Your upstream power levels are fine. An attenuator literally won't do anything to your connection except add one more source of impedance mismatch, thus having your modem distort its upstream carrier waveforms even more to overcome the new impedance. You can have them at 30 dbmv and it won't effect packetloss (as long as there is no noise on your drop or house wiring). As long as your modem is transmitting enough power to reach the CMTS around 0, its fine (you dont want it above 49 though or below 28 but that is a technical write up for another day which gets into group delay issues).
As to your upload issue, cox can only guarantee your speeds within its network. Remember, you are only testing using a single source. You are given 30 up on your plan which included multiple sources. Number of hops and distance you're testing to or uploading to effects the speed your can transfer at. You also have to remember the upstream is a small slice of bandwidth in a node (120 mbps max throughput with 4 upstream carriers at 64 QAM, but really 100 mbps when you take in overheard and how the upstream uses A-TDMA) and packets are prioritized with tags. VOIP on MTAs get the top priority, then other real time streaming such as videoconferencing and so on and so forth with ICMP (ping tests) having the lowest.

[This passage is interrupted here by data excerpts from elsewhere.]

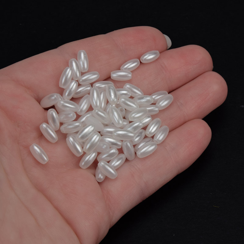 Бусины пластиковые Рис Жемчуг, 8х4 мм, Белые (BUS-059864) / 1 уп (5 г)
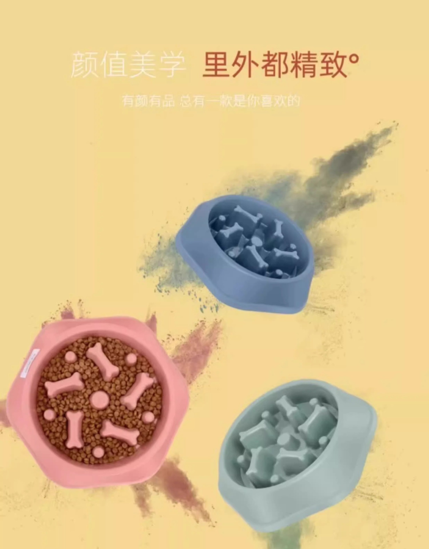规格 宠物慢食碗-锭蓝色-1个,宠物慢食碗-森林绿-1个,宠物慢食碗-秋叶黄-1个,宠物慢食碗-炫酷灰-1个
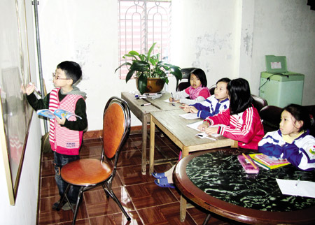 Lớp học im phăng phắc, chỉ cần nghe tiếng xì xào nho nhỏ là lập tức "thầy giáo" nghiêm mặt nhắc nhở. Để viết lên bảng, "thầy giáo" phải đứng trên một cái ghế khá cao. 7 học sinh được thầy gọi lên kiểm tra đều "thưa thầy" rất lễ phép. "Thầy" Giỏi chia bảng làm 3 phần, để có thể dạy mấy "cấp độ" khác nhau, vì trong 7 học sinh theo học thì có các em từ lớp 1 đến lớp 5. "Thầy" cũng tiến hành chấm điểm và xếp loại cho mỗi "trò" vào cuối buổi. Có thể dễ dàng nhận thấy, tại lớp học đặc biệt này, cả thầy lẫn trò đều dạy và học rất nghiêm túc, hứng thú.
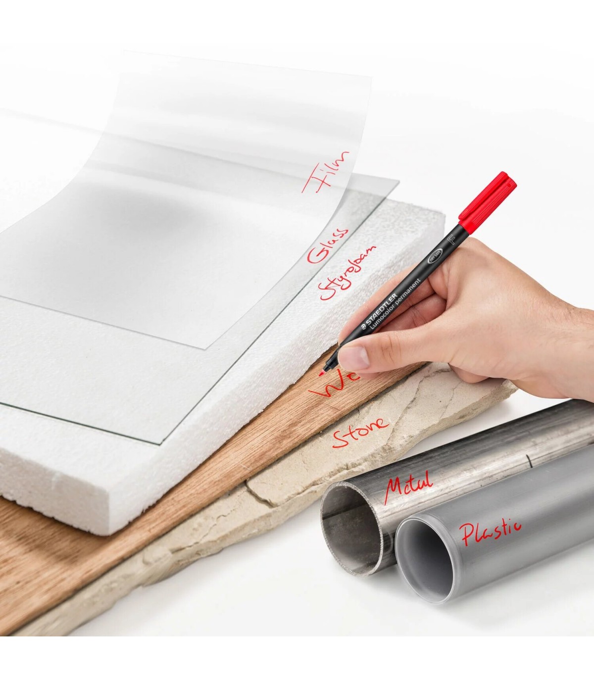 Rotulador Staedtler Lumocolor® 318 permanente F de color rojo, con trazo de 0.6mm. Universal para usar en casi todas las superficies. Tinta permanente con poco olor.
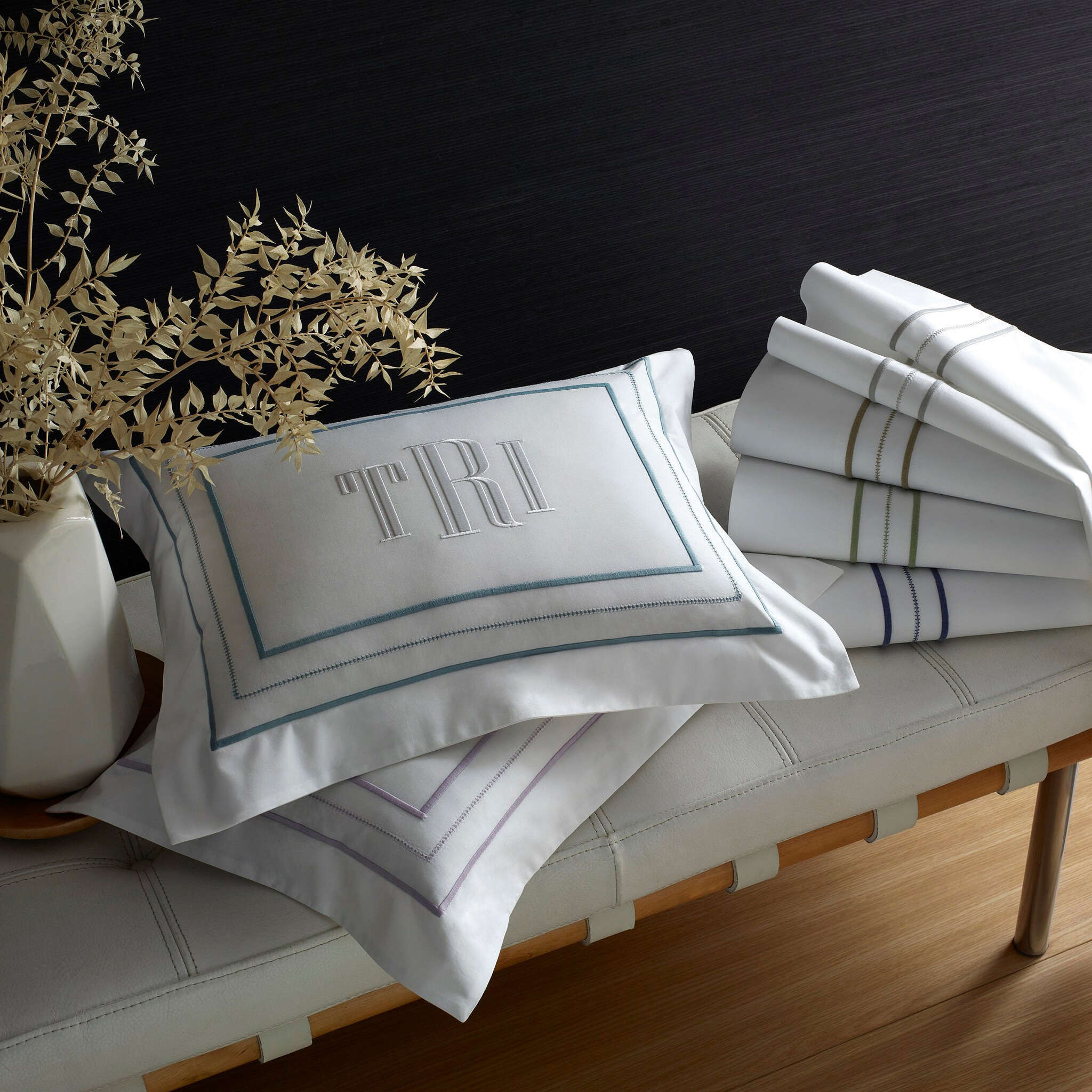 A monochromatic trio of embroidered satin stitch and hand-guided hemstitch that grace this Italian percale offer a simple, elegant and refined finish.
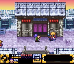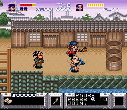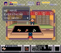 La série des Ganbare Goemon de Konami a été déclinée sur de très nombreuses plate-formes mais malheureusement peu de jeux sont parvenus jusqu'à l'occident. Fort heureusement, le 1er épisode sur Snes est de ceux là. La traduction a changé les noms des héros (Goemon et Ebisumaru deviennent Kid Ying et Dr Yang) mais a également un peu altéré le contenu avec un niveau de difficulté revu à la baisse (ça reste balaize quand même) et quelques mini modifications / censures assez regrettables mais pas catastrophiques. Jouable à 2 simultanément, le jeu nous permet de controller des héros rigolos combattant des fantômes et devant sauver une princesse dans un monde médiéval-fantastique japonais fortement imprégné du folklore de l'archipel. Les monstres qu'on y croise renvoient à de célèbres légendes mais le tout est traité avec un humour décapant. On alterne 2 phases de jeu : dans la première, on parcoure une ville ou un village en vue de dessus et il faut se débarasser d'ennemis arrivant de tous les cotés tout en entrant dans des maisons pour récolter des informations, acheter des objets ou jouer à de nombreux mini-jeux. La seconde phase est un action/plate-former vu de coté ou il faut progresser en frappant et sautant jusqu'au boss. Les héros peuvent, sauter, frapper avec leur arme principale ou lancer des pièces de monnaie sur les ennemis (mais l'argent est précieux, attention !) ou utiliser des objets (des bombes par exemple). A 2, on peut aussi s'entraider avec un jouer à califourchon sur l'autre, ce qui ne manquera pas de déclencher quelques fou-rires. Ce principe va se retrouver dans les 3 autres épisodes présentés plus bas, avec quelques changements mineurs. Le jeu est parfaitement jouable, même s'il requiert un tout petit temps d'adaptation pour les phases vues de dessus. La réalisation est très bonne, surtout pour un jeu de 1991, les musiques sont particulièrement entrainantes avec des mélodies accrocheuses et des sonorités qui font penser à des instruments traditionnels, et les graphismes colorés font parfaitement ressortir l'humour du jeu. Ce dernier est omniprésent : dans l'animation des ennemis ou des héros (il faut les voir ramper !), dans l'absurdité des situations, dans les cut-scenes ... etc ... Un petit mot sur les mini jeux : on trouve de tout, avec des jeux d'adresse comme de hasard. Citons en vrac un whack a mole, un pong, un casse-briques, un jeu de dés, un shmup (Gradius !) ... etc ... A noter qu'ils sont facultatifs donc rien ne vous empêche de vous concentrer sur la quête principale si vous le souhaitez, mais ce serait bien dommage ! Bien réalisé, jouable et très amusant, c'est une valeur sure de la Snes. Tout n'est pas parfait non plus : ainsi la difficulté est assez élevée à cause d'un système qui fait que le héros perd ses upgrades durement gagnées ou achetées quand il se fait toucher, ce qui peut amener à des situations infranchissables. De nos jours, les save-states permettent en partie de contourner ce problème, mais ce n'est pas l'idéal. En bref : du très bon Konami et un jeu que j'apprécie particulièrement. 4.5/5 On en apprend beaucoup plus sur ce jeu en lisant le très bon article de David ici : http://www.grospixels.com/site/ggoemon.php Ganbare Goemon 2 : Kiteretsu Shougun Magginesu (Konami - 1993)
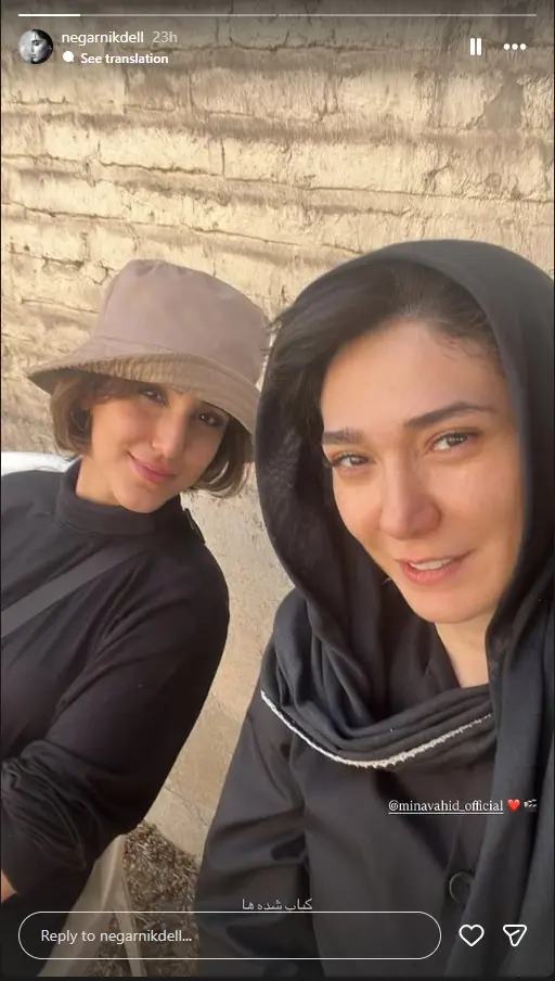 نگار نیکدل تصویری از پشت صحنه یک پروژه فیلم یا سریال منتشر کرد که در آن، او و مینا وحید در گرمای شدید باید با کاپشن بازی میکردند.
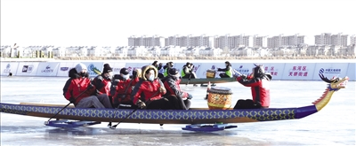 1月16日,包头市全民健身冰雪系列活动之一——冰上龙舟表演赛在南海湿地风景区举行,来自包头市的20支代表队180名运动员参加了比赛。在百米赛道上,鼓声阵阵,运动员们团结一心,奋力滑动龙舟,在冰面上一展速度与激情。经过激烈角逐,东河区天骄街道办事处代表队最终夺冠。
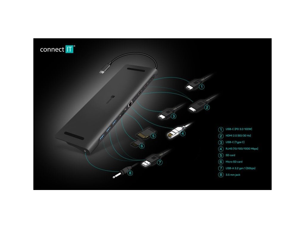 CONNECT IT USB-C dokovací stanice, 11v1 (2xHDMI), externí, antracitový (CHU-9010-AN)
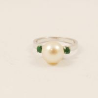 Bague en or gris 750 mil et platine 850 mil centrée d'une perle de culture épaulée de 2 émeraudes (Diam perle : 8,3 mm environ; TDD : 50,5). 3,1 g brut.
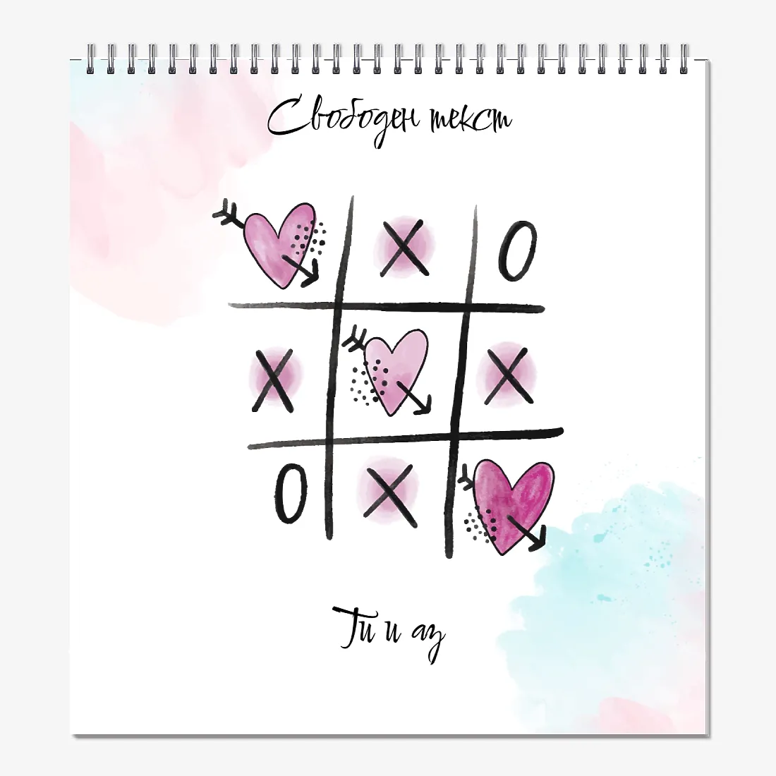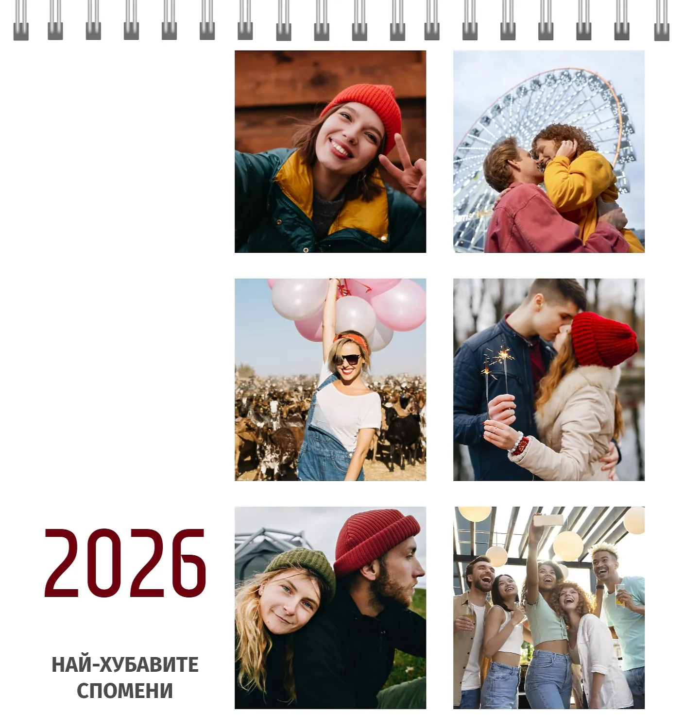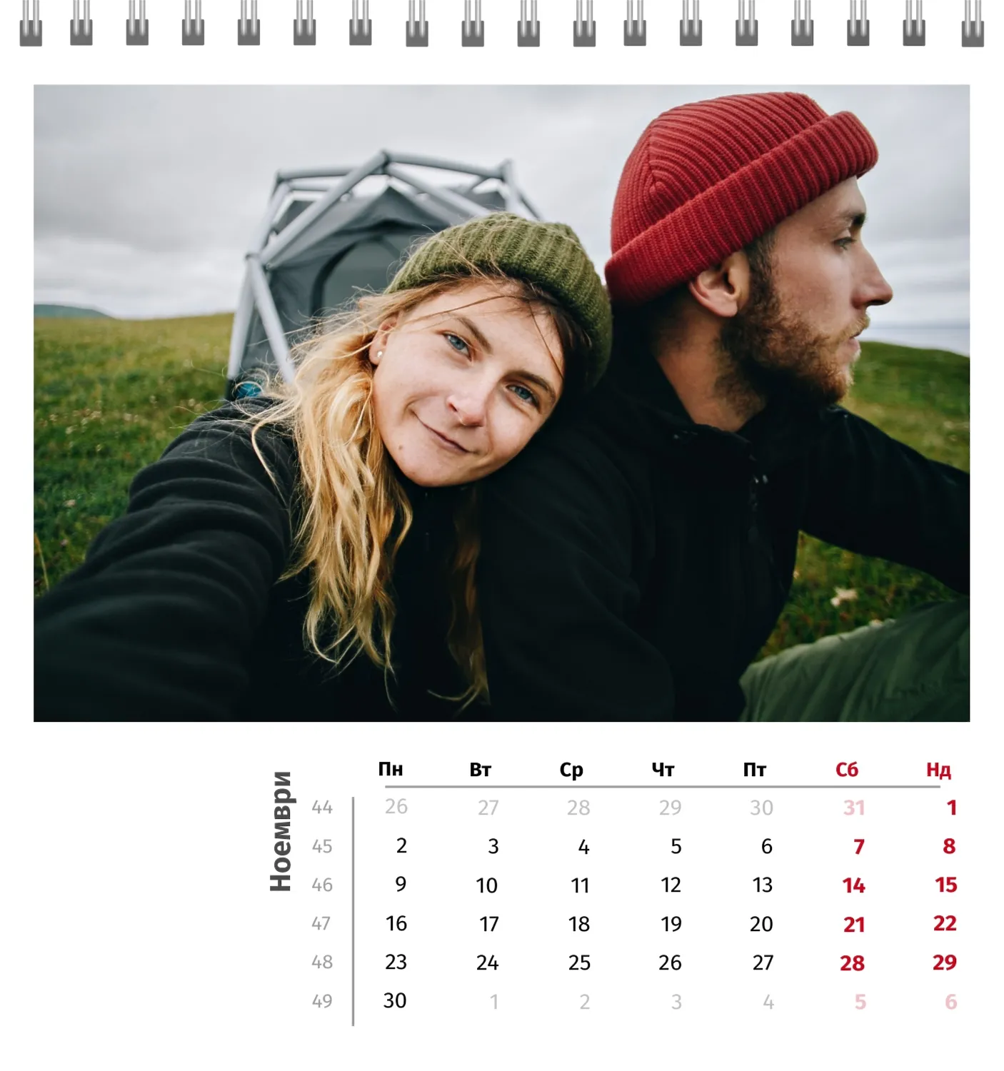 Шаблонът" щастлива зима за влюбени " е перфектната комбинация от уют и романтика, създадена специално за двойки, които искат да отпразнуват важните си дати в топла зимна атмосфера. Онлайн конструкторът предоставя широка гама от възможности за персонализиране на този шаблон за настолен календар. Можете лесно да промените цветовата схема, като изберете онези нюанси, които отразяват вашата уникална любов. Шаблонът" щастлива зима за влюбените " ви дава възможност не само да следвате датите, но и да създадете заедно със спомените си уникална картина на вашето съвместно време. Процесът на редактиране стъпка по стъпка в онлайн конструктора осигурява лекота на използване, като ви позволява да се съсредоточите върху това, което е наистина важно-вашата любов и уникалните моменти, които споделяте.
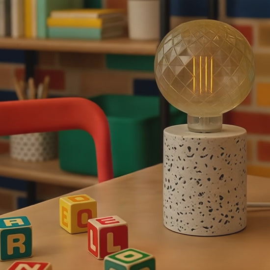 Lampa stołowa w stylu minimalistycznym o cylindrycznym kształcie, którą można połączyć z żarówką dekoracyjną. Każda lampa ma oryginalny design.
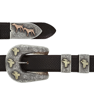Pecos 2073 Sterling Silver Quail & Pointer Buckle Set
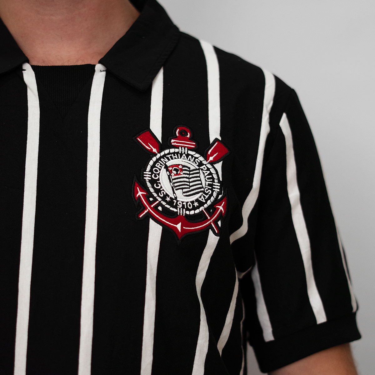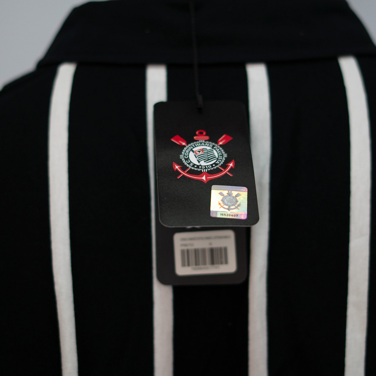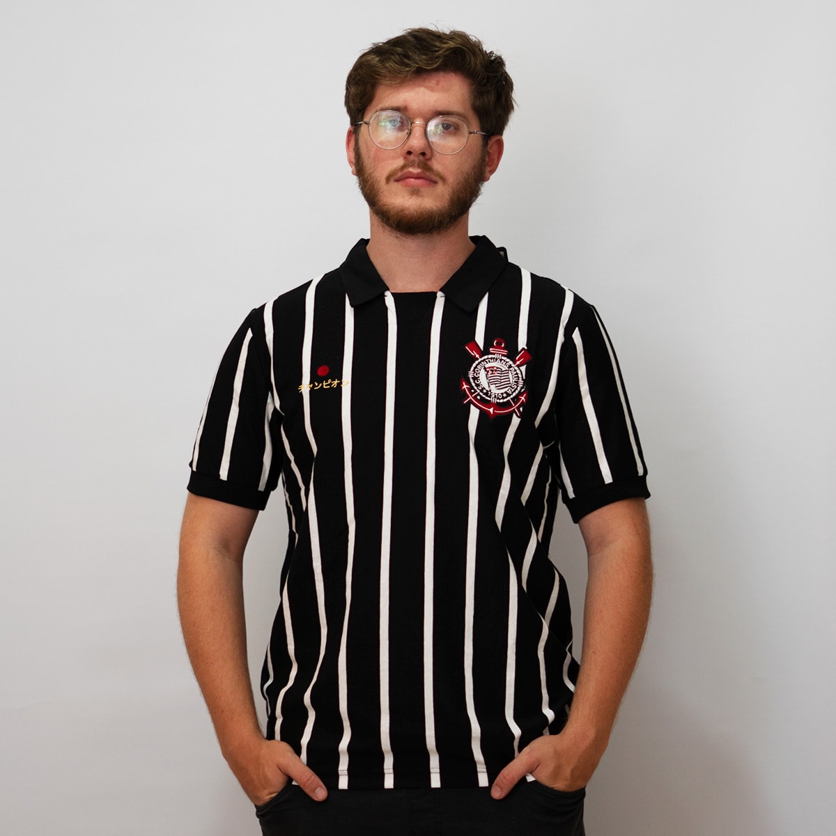 Celebre a história gloriosa do Timão com esta camisa polo exclusiva, que une tradição, elegância e memória de conquistas internacionais. Em preto clássico com listras brancas verticais, o design remete ao estilo atemporal do clube, ideal para torcedores que valorizam sofisticação e paixão.
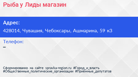 Рыба у Лиды, магазин по адресу 428014, Чувашия, Чебоксары, Ашмарина, 59 к3 в дальнейшем Организация, размещена в следующих категориях:
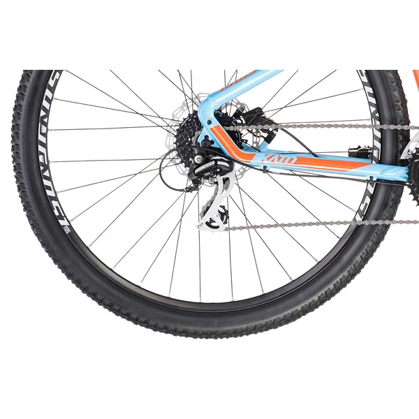 Conçu en aluminium, ce VTT dispose d’une fourche de 100 mm de débattement avec blocage au guidon assurant un très bon confort, et d’une transmission 3×8 vitesses permettant d’affronter sereinement tous les terrains.

The only things really that can effect your upstream speeds within cox's immediate network is noise or congestion. If you are getting your full upload speeds when testing to a local server either in Cox's network or in the local vicinity, then likely there is nothing crazy going on in the network. If you still feel like you're getting juked out of your speeds to an outside source, you can try to get an engineer to ensure the backend and backhaul routers are in good health (and 99.999% of the time they are).
Just my 2 cents. If anyone would like to point out an error on my part, please feel free.